At last count, CarShare was only in San Francisco. ZipCar is in about ten cities and expanding fast. Spurred on by competition with FlexCar, another socially oriented for-profit company, Zipcar has been focusing like crazy on cost, scaleability, convenience, and style.

Friday, September 01, 2006

Outfoxing the experts


Thanks to Tyler Cowen for pointing me to a great book by Philip Tetlock called "Expert Political Judgement: How Good Is It? How Can We Know?"

The answer is that experts' predictions are no better than those made by regular people. In fact, many experts have a worse track record than would be achieved by a toss of the dice. (The worst performing experts are "hedgehogs: thinkers who 'know one big thing.'" By contrast, "foxes: thinkers who 'know many small things'" tend to do somewhat better.)

Louis Menand's review in the New Yorker notes that this phenomemon holds across a variety of disciplines and over one hundred studies. College counsellors who were provided detailed information about students and even allowed to interview them did worse in predicting their freshman grades than a simple mathematical algorithm. Psychologists were unable to outperform their secretaries in a test to diagnose brain damage.

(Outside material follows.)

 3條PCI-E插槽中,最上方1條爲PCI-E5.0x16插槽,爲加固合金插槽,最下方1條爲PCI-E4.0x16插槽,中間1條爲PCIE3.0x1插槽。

As a former "expert" at the World Bank for fourteen years, I can say that this resonates with me. I cannot speak highly enough of the technical expertise of my colleagues, and I have many friends still there. Yet, it was a highly sealed and self-referential environment that admitted little input from other experts, much less from the average guy on the street in Jakarta or Nairobi.

Although I became a reasonably senior executive and was successful by most measures, the truth was that I found the place intimidating. So many decisions and predictions had to be made about so many complex things, and I often found myself wondering how people could walk around the halls looking so self-assured.

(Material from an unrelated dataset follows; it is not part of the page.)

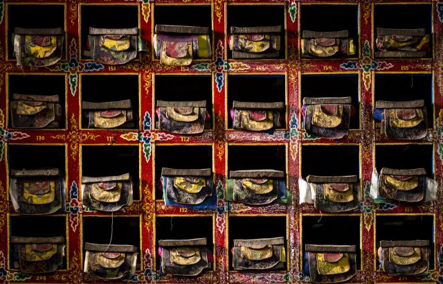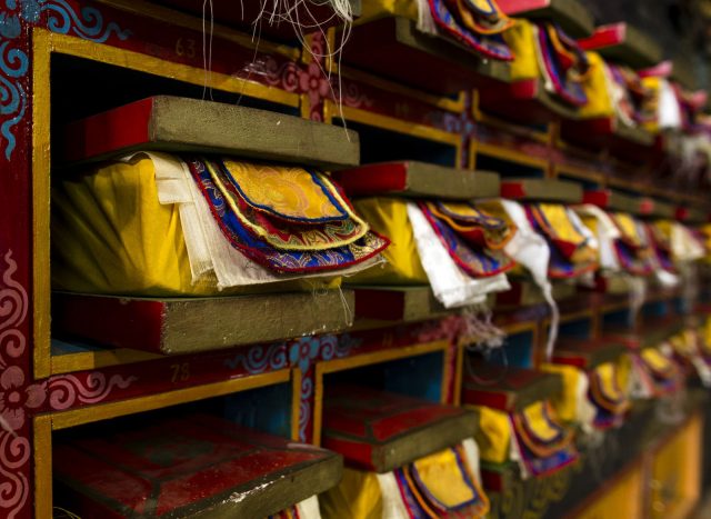 A világos vörös – okker színű kolostorok és templomok mind formájukban, mind méretükben a tibeti mintát követik. Általában két-, ritkábban három emeletes épületek, alaprajzuk a szent mandala dizájnt követi. A kolostorokba és templomokba egy zárt, kővel kirakott előtéren vagy cham-rán keresztül jutunk be. Ezt kell rituálisan megkerülni, mielőtt a fő csarnokba, a lha-khangba lépnénk. A csarnokban a fő helyett a főistennek szentelt oltár foglalja el. A plafonról festett tekercsek, tankák lógnak, az oszlopok tetején selyemzászlók lengenek. A bejárattól általában egy lépcsősor vezet fel az emeletre. Tengboche kolostorában az emeleten találjuk a híres könyvtárat.
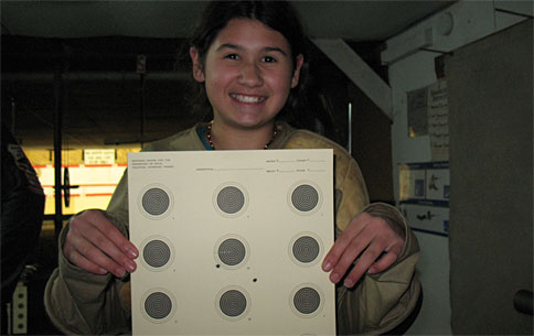 But it all worked out. Once she made a couple of shots right-handed, one of the instructors realized that although she was missing her own target, she had hit her sister’s instead (which was to her left). G.’s instructor asked her to switch trigger arms (so she was shooting lefty even though her rifle wasn’t designed that way) and she was able to hit her own target a couple of times, much to her delight.

This all changed when Mari and I did the Development Marketplace, which opened the front doors of the Bank to anyone in the world with a good idea. Over one thousand groups --many of them grassroots -- applied to the first marketplace. The result was extraordinary - the quality of the ideas, the energy, the commitment, and the resources that "regular" people brought to the Marketplace were in aggregate far superior to what most Bank experts like me could think up.

The amazing potential unleashed at that Marketplace was enough to give me the courage (some say temerity) to leave the World Bank and help launch GlobalGiving. I have never looked back.